International activists and NGOs accuse the Ankara military and their allies. Local sources speak of "serious violations and war crimes", including summary executions and attacks. Militiamen expropriate Christian lands and collect crops. Ras al-Ayn Christians victims like the Kurds in Afrin.
Damascus (AsiaNews) - The Turkish army and the pro-jihadist militias that support the offensive launched by Ankara against the Kurds in the north-east of Syria have perpetrated a "soft" ethnic cleansing affecting members of other religious minorities including Christians.
International activists and NGOs report that the assurances provided by the Turkish president Recep Tayyip Erdogan to the US vice-president Mike Pence are in reality largely ignored on the ground.
Amnesty International report that the Turkish military and its Arab allies have shown "a shameful lack of respect for the lives of civilians". The activists base their claims on the testimony of rescuers, displaced persons and journalists, according to whom "serious violations and war crimes" have taken place including "summary executions and attacks" that "killed or wounded civilians".
Among those denouncing the abuses of the Turks and their allies is a Syrian Christian politician, responsible for the Syriac National Council. Interviewed by the Catholic News Service (Cns), Bassam Ishak speaks of intimidation and targeted attacks against Armenians and Syriac Christians, who are prevented from accessing the lands and their properties in the disputed territories of the north-east. A serious problem, explains, especially in this period of cotton harvesting, among the main sources of income.

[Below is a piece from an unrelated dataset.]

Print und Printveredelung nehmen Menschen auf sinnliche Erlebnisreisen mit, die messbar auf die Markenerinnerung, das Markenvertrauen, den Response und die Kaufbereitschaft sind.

According to Ishak, a member of the Syrian Democratic Council, the pro-Turkish militants would have the order "not to physically touch the Christians", but are free to expropriate lands and property. Syrian armed groups allied with Ankara "are repeating what has been done in the past to Afrin", when the Turks invaded the city of northwestern Syria in 2018 with the help of armed gangs and mercenaries.

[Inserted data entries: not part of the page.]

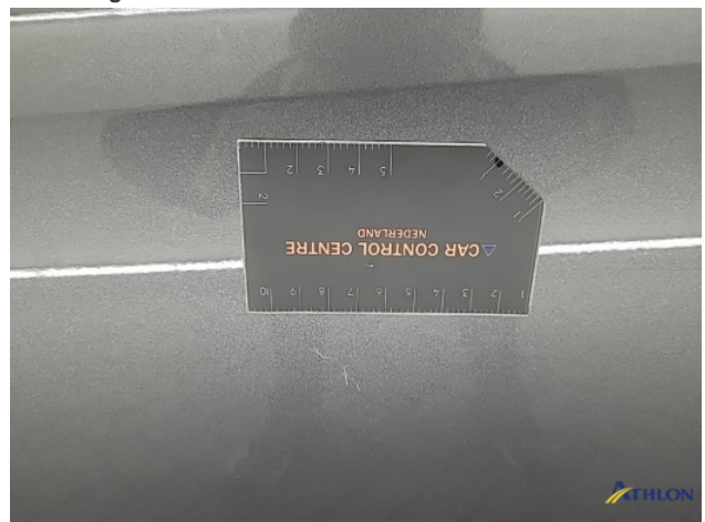
1. diverse schades Beschadigd
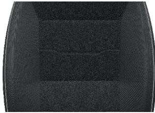
Premium Sitzbezug „Crepe Black“ schwarz BUFX 400,00 (476,00)
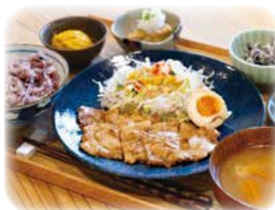
人気の月替わり定食

食堂では対面 10 人の 1 枚板テーブルと景色を眺められる窓向きのカウンターで、旬野菜をたっぷり使った定食やお弁当を提供。
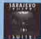
"Sarajevo (Suite)" (1994)

Le disque sera remis en vente à 1000 exemplaires. Clay de L'œuvre de Marie de la Neige et des pièces de céramique de 10000 exemplaires destinés à l'achat de livres et publications pour la Bibliothèque de Sarajevo. Il sera vendu à 2000 euros pour servir à la fabrication de pièces céramiques Sarajevo pour la ville de Pérou.
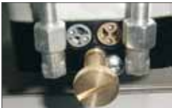
By pass valves Valves by-pass

"In Afrin - Ishak says – they took the crops of the Kurds who lived in the area and now they do the same with the Christians. Ras al-Ayn Christians own at least one third of agricultural land. These forces are conducting a sort of soft ethnic cleansing. Christians are frightened by these gangs, and end up losing their source of income ", so they ask "why should they stay and live under Islamic extremists".
A Christian doctor of the city speaks of Turkish bombings on the night of the 24th, when the truce should have been in force, which caused "many deaths". The following day three nurses were shot in Suluk, near Tal Abyad, by Syrian militia allied with Turkey. Their mutilated bodies have been found in the sewer system.
These events, he says, show once more truce violations and abuses committed by Ankara and its allies. Added to this is the video posted on October 21 by the so-called Islam Army that invites its members to treat Christians as "second-class citizens" and force them to pay the jizya, the Islamic tax that minorities must pay to benefit from the protection of Muslims.
As reported by the group Doctors for Human Rights, despite the agreement between Russia and Turkey on 22 October, the situation remains "very harsh" for civilians. Ankara, the activists add, must "immediately stop attacks against the civilians in Syria and respect human rights".
However, despite the words in the area there are violations of the truce and even in the last hours there has been a return to fighting. Syrian state media reports violent clashes in the border town of Ras al Ain, where Ankara aims to have created a "safe zone". The town is under the control of forces led by Syrian Kurds, supported by the soldiers of Bashar al-Assad who have been fighting for days with Ankara's troops.